- **Your instructions**
Look through the listing below and report how many lines contain "från", as a bare number.

★ ★ ★

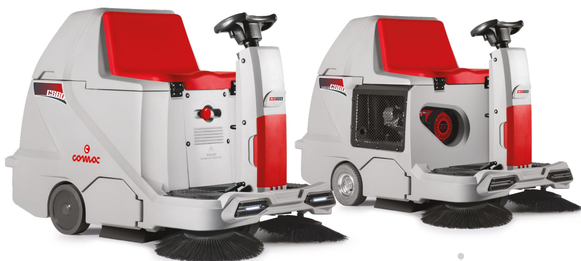
CS60 B Versione a batteria
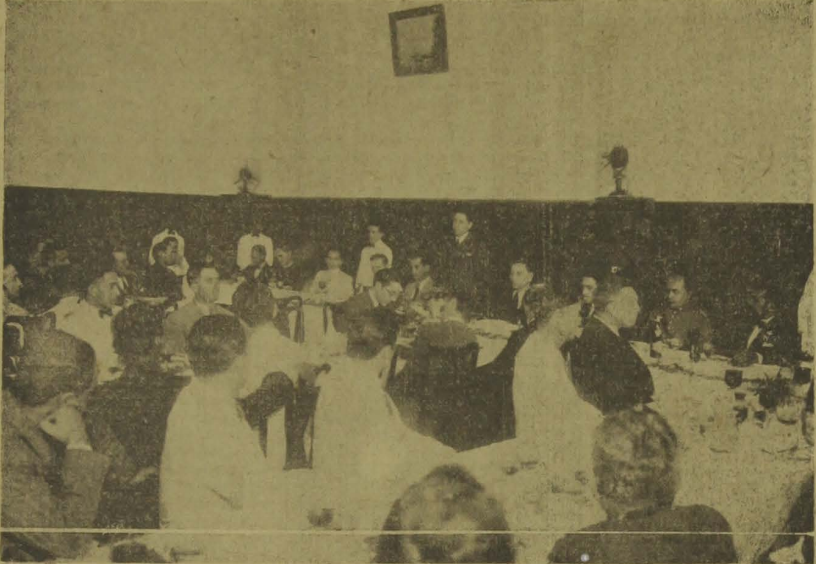
Aspêcto da mesa do almoço realizado no "Paraíba-Hotel".
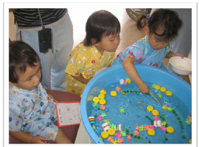
★子ども達も夢中です！
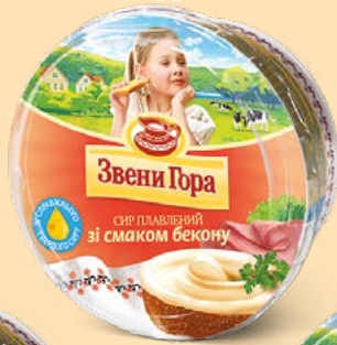
Зі смаком бекону
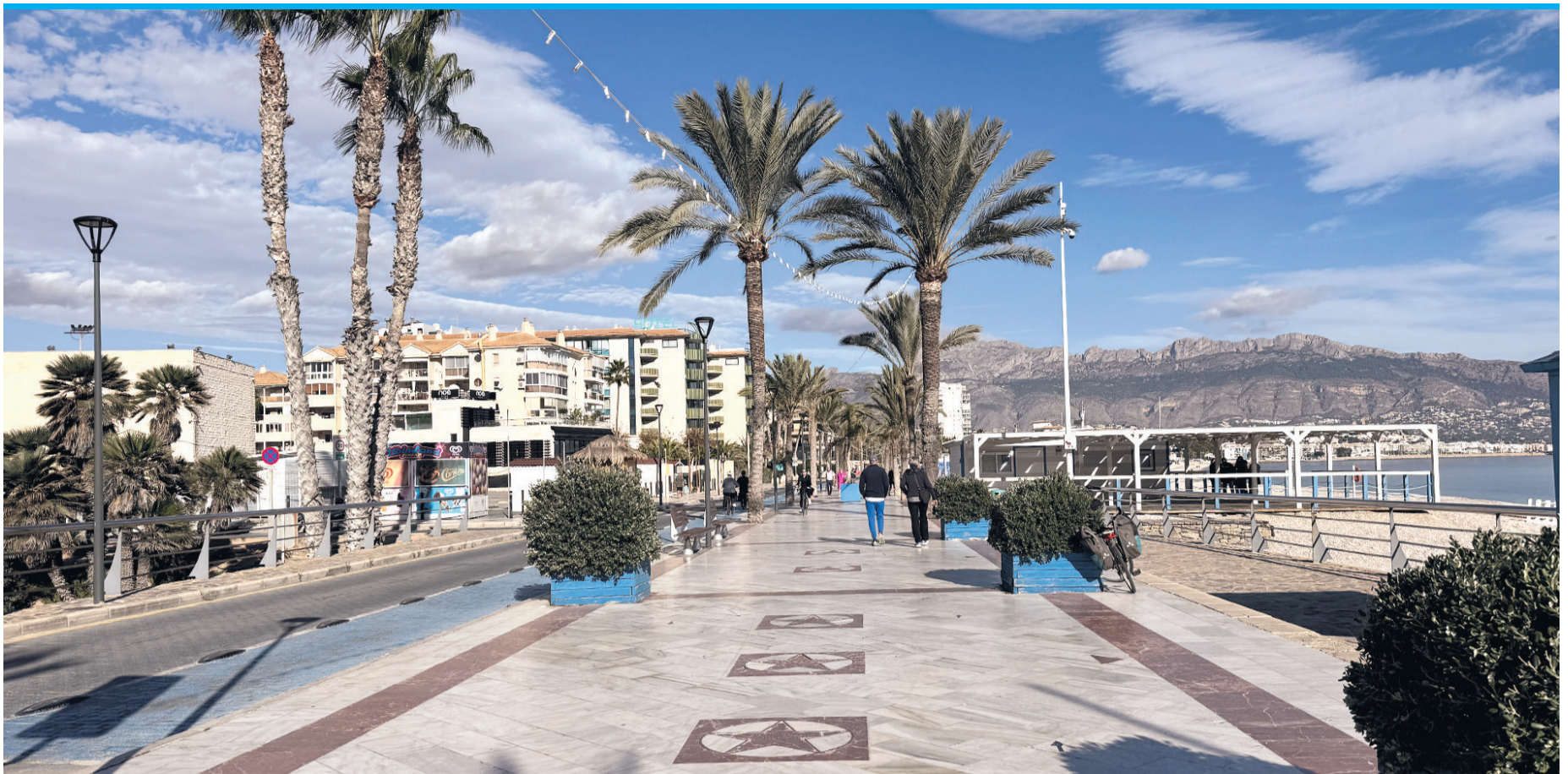
An der Costa Blanca gibt es schöne Küstenwege, wie von Altea nach Albir oder von Torrevieja bis nach Pilar de la Horadada.
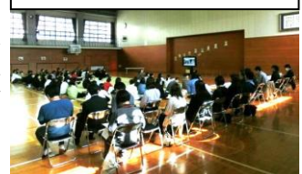
体育館での総会の様子

また、授業後には、体育館にてPTA総会および教育後援会総会(紙面決議)を行いました。校長からは学校経営方針(案)を説明しました。今年度は「一人一人のよさが発揮できる集団(チーム)づくり」を合言葉に掲げ、学級、学年、異学年、教職員、地域やPTAを含め、様々な集団においてチーム力を高めたいという願いを伝えさせていただきました。あわせて、給食費や給食着、登下校の安全についても話をふれさせていただきました。保護者の皆さまには引き続き本校の教育活動に対しご理解とご協力をお願いするとともに、年度末には取組を振り返り評価していただきますようよろしくお願いいたします。
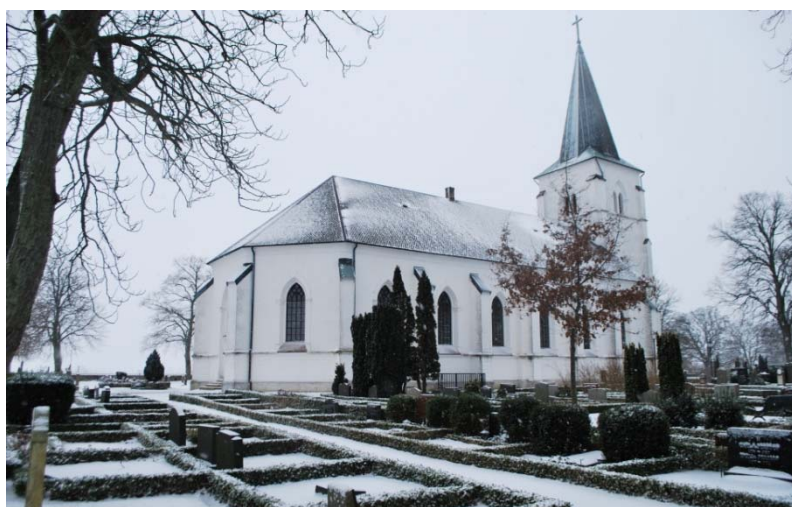
[1]: Kyrkan från nordost

Kyrkorummet täcks av ett valmat sadeltak belagt med klovad och rakhuggen skiffer, som spikats till underlagstaket av bräder. Tornspiran är täckt med koppar från 1969, lagd i skivtäckning med halvt förskjutna takfalsar, monterad på ett brädunderlag.

★ ★ ★

- **Exercise result**
2